Wednesday, 12 July 2017

Committee on Budgetary Oversight

Equality Budgeting: Discussion with the National Women's Council of Ireland

2:00 pm

Photo of Eamon RyanEamon Ryan (Dublin Bay South, Green Party) | Oireachtas source

I am very interested in joining this conversation and very much welcome Ms Allen back to Leinster House. This is not just a question for the previous generation. I am slightly concerned that we all talk here about what the IMF, McKinsey and economic interests want and that we measure everything based on economic growth, as if that was the key measure of progress. There are other measures such as the nature of and other values in society. I have a terrible fear that everything we have done in recent years has perhaps accentuated the economic growth model rather than looking at other assessments. In addition, looking at the statistics, it does not seem that they necessarily match what people do.
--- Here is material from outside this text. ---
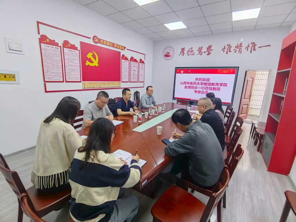 考察调研中,赵勇院长对蒋俊书记的热情接待表示感谢,介绍了山西中医药大学继续教育学院学历教育、非学历社会培训方面的发展历程、专业设置、教学管理、办学特色等方面的情况,重点了解了湖南中医药大学继续教育学院在信息化建设、规范化考试及教学平台建设等方面开展情况。

It is not a tiny minority who sometimes decide to work in the home but the very large bulk of Irish women and their connected parties.

We are all connected and a large bulk of Irish women and their partners seem to have been ignored and discriminated against in recent years. I would love to have heard the National Women's Council of Ireland representing their interests when, for example, in last year's budget they were pretty much ignored and given absolutely nothing, as if they did not count. It is on the back of previous years, where through individualisation and other measures, we have effectively stated to people, "Thou shalt get out to work, no matter what".

I have a fear that the witnesses cite Austria as an example. I had an interesting experience recently related to where this is coming from. Why is it that the European Union, the OECD, the International Monetary Fund and McKinsey and Company are espousing work all the time? It comes from central European countries where populations were declining and they were worried about migration. They had all sorts of different pressures and were worried their economy might sink as they got to full employment. Their answer was to get everyone working. It was official EU and OECD policy based on what was happening in Sweden, Germany and Austria because they had a falling population. All economic, labour and other market policies, coupled with a lack of support for caring, came from that driver. I must admit I am slightly disappointed or nervous to hear the women's council citing McKinsey, the €12 trillion value of economic growth and the International Monetary Fund, IMF, as the great signal of what we might want to do.

We must look after every woman in every circumstance and I am absolutely 100% in favour of equality in budgeting and ensuring we live in a truly equal society. We are leaving behind that massive cadre and restricting choice. We are having children older and later because everything is constrained by a person getting a job because the rent must be paid, or a house should be bought or the career must be maintained. It is all about economic growth. US Senator Elizabeth Warren brilliantly wrote about the two income trap, with people ending up in a really precarious position where they cannot afford not to work or get on the economic wheel. I am afraid that is what I heard today.